Another mixed bag of polls this week: cherry-pick your favourite and you can claim anything from a 5-point Labour lead to a 1-point Conservative one. Lump them together in our polling average, though, and the result is a Labour lead of 1.
The Tories have lost the point they gained last week, taking them back down to 32%, while Labour remain on 33% for the fifth week in a row. UKIP are the beneficiaries of the Tory fall, up a point to 16% – perhaps as a result of their second by-election win last Thursday.
In our forecast, that means a small shift from the Tories to Labour. The Conservatives are still the slight favourites to be the largest party in May, but their chances are down from 58% last week to 53% now. Labour’s are up from 42% to 47%.
Our central forecast tightens again: it now has the Tories winning the popular vote by 3.5 points, enough to give them 5 more seats than Labour (298 to 293).
With the forecast tightening and time running out for one party to break ahead, the chances of a Hung Parliament are now up to 57%.
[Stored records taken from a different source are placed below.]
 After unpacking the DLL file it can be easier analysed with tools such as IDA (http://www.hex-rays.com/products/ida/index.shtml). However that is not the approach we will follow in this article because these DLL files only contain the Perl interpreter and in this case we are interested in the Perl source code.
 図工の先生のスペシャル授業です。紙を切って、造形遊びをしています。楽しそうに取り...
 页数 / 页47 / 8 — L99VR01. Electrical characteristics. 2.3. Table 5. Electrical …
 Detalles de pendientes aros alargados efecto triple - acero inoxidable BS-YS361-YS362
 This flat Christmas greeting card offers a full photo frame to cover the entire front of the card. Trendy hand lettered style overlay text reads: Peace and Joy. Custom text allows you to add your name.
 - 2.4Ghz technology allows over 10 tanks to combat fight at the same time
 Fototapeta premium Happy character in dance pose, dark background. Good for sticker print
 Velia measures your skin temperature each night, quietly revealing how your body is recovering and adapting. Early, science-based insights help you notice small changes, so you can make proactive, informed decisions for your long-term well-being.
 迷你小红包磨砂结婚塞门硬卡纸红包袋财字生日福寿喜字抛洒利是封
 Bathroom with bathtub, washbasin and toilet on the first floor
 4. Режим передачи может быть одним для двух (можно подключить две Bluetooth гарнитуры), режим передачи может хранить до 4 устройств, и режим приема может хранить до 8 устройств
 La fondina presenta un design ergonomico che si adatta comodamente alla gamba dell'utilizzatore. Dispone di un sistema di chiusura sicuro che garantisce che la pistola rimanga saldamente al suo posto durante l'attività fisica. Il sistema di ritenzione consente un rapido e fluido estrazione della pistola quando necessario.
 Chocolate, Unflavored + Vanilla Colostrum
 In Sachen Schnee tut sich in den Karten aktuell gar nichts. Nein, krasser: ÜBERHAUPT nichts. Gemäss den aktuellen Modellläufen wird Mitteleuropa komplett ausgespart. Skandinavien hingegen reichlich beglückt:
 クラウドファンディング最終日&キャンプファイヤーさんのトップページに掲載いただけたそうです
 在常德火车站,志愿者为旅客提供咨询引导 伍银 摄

Date of forecast: 28 November 2014
Days till the election: 160
Inputted current average poll shares
Con: 32%
Lab: 33%
LD: 8%
Others (inc. UKIP): 27%
– UKIP: 16%
Forecast Election Day Shares (with 95% Prediction Intervals)
Con: 34.4% (±6.7, i.e. 28% – 41%)
Lab: 30.9% (±5.0, i.e. 26% – 36%)
LD: 10.9% (±6.7, i.e. 4% – 18%)
Implied point estimate shares for:
– Others (inc. UKIP): 23.8%
– UKIP: 14.1%
Forecast Election Day Seats (with approximate 95% Prediction Intervals)
Con: 298 (226 – 380)
Lab: 293 (216 – 361)
LD: 28 (23 – 34)
(Prediction intervals assume LD & others shares at central forecast, Con & Lab shares vary as per prediction intervals)
Central forecast: Con largest party, but short of a majority by 28
Approximate probabilities of key outcomes
Con largest: 53%
… with a majority: 23%
Lab largest: 47%
… with a majority: 20%
Hung Parliament: 57%
… with Con largest: 29%
… with Lab largest: 28%
(probabilities may not sum due to rounding)
SNP effect?
There was a post by-election effect that seemed to quite pronounced early last week; all polls showed a dip in Tory vote (to Ukip). Was this factored in? It seemed to have disappeared by the end of this week (from Yougov) in particular and was surely an extraordinary factor.